High Rc is all I want.

Depending on what you want to be doing with the knife the brittleness may or may not be an issue. I think that many true Japanese kitchen knives are on the hard side, which is fine for their purpose. If you can say that you will never be doing any prying or stabing with a knife it wouldn't need to be very flexible. So for a dedicated kitchen slicer a knife with high RC might work fine, just don't drop it or knock anything accidentally. That is really an impractical situation for a real user knife, which might see some prying or chopping.
 
The interesting thing is that there are many supposedly hard users out there with very hard edges using laminates. Carter has some large blades with 62+ hrc edges.

-Cliff
 
Jeff-
I honestly couldn't tell you what brand that file was, or what I use in my shop. But it's a wide assortment picked up over the years at hardware stores, auctions, flea markets, and even Wal-Mart. Now, I have broken the points off of some of my tiny needle files (I mostly make miniatures) when using them as improvised awls, etc., but I have never broken one otherwise that I can recall for any reason. Not saying it can't happen, of course, but it's not like they'll snap if ya just look at 'em funny, either.

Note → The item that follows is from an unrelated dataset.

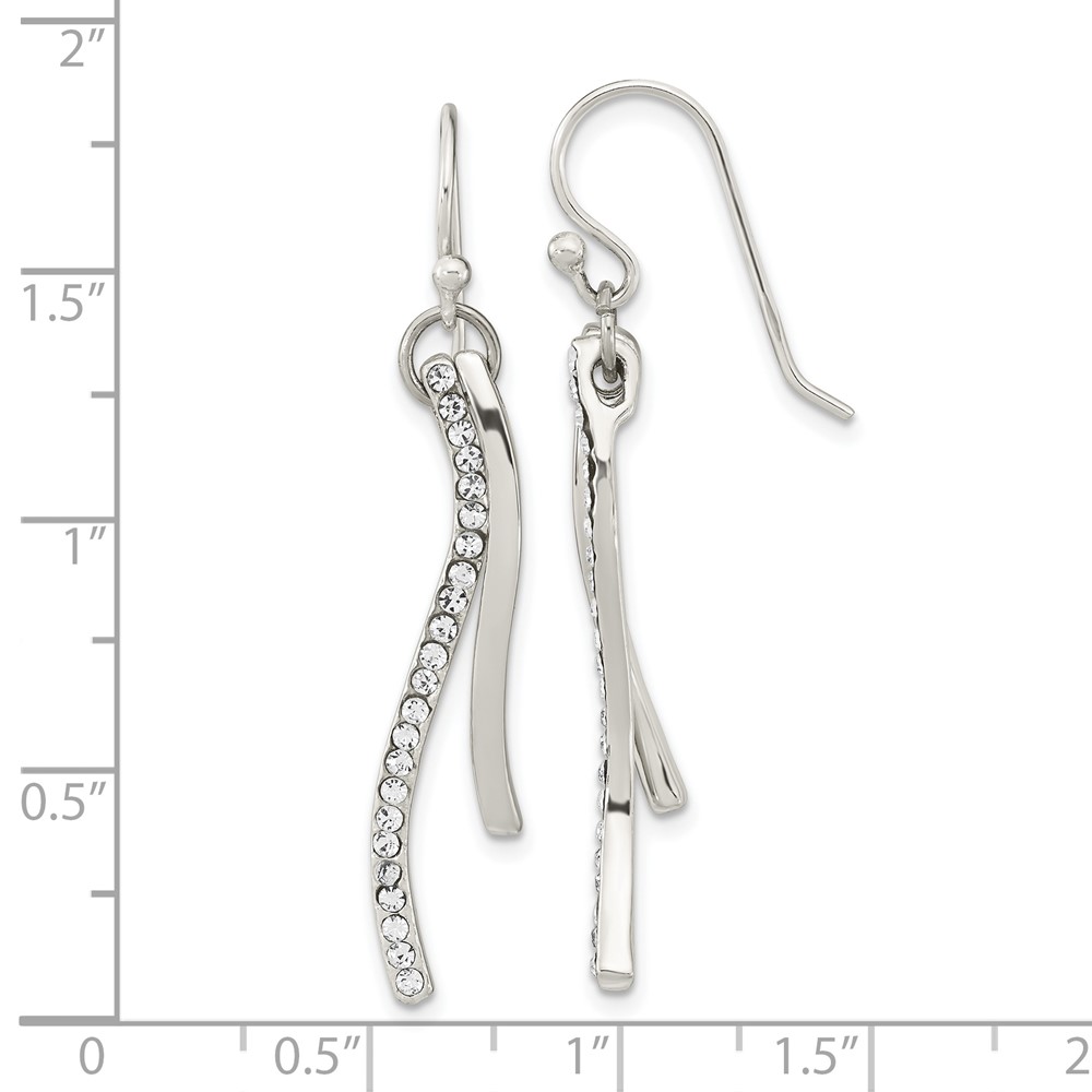 Sterling Silver Polished CZ Wavy Bar Dangle Shephard Hook Earrings

In fact, on that little knife I mentioned- I attached a deer leg bone handle by just drilling a hole through the end of the file's tang for a pin, so it's basically a hidden half-tang design. One time when I was digging with it, I bent the blade a bit right at the guard, as the file tangs are not hardened. So the fully hard blade was still stronger than the unhardened tang. (and I left the file's tang at full width and thickness)

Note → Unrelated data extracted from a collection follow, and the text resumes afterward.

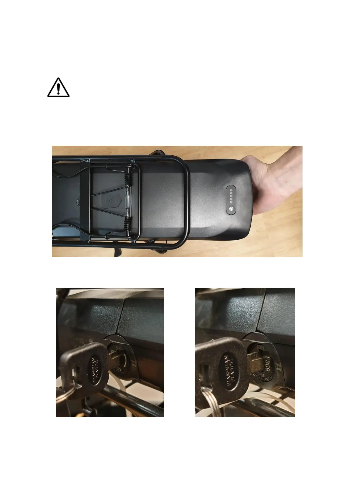 To lock insert the key into the lock and turn it halfway clockwise (battery and luggage rack locked). You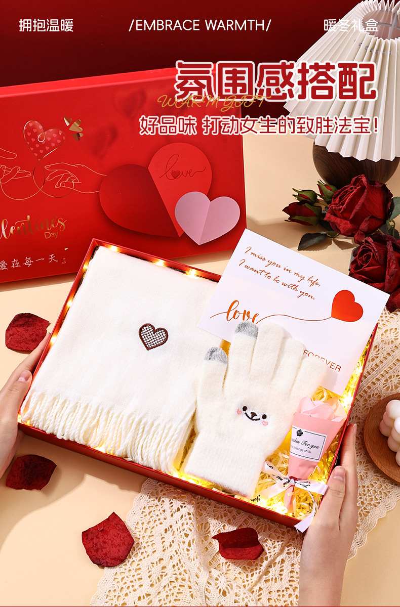 crown [luxury] scarf + gloves + bouquet + warm light +6 cards + raffia + gift box gift bag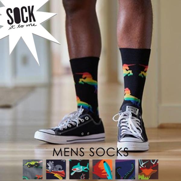 ソックス メンズ 靴下 総柄 自転車 乗り物 クルーソックス Large Bikes Sock It To Me ソック イット トゥ ミー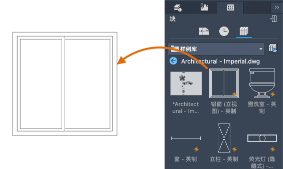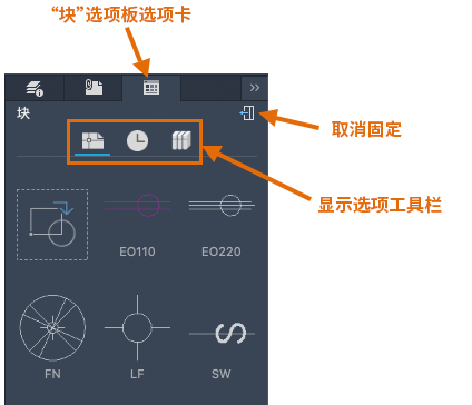 这将打开“块”选项板,并使其处于活动状态。默认情况下,该浏览器固定在应用程序的右侧。

Oh wait a minute, I do recall a breakage now. I broke one of Dad's chainsaw files when I stepped on it, as it was laying on a bunch of junk on the floor. Though that probably isn't relavant here anyway.
 
If you want high Rc, get a ceramic blade. You may sacrice toughness, but it will get you up in the nosebleed section.
 
S-5 or S-7 can be hardened to the low 60's for knives and still be effective. Wootz steel will peform as though it is in the low 70's Rc, although different microscopic sections of the matrix would test to varying RC.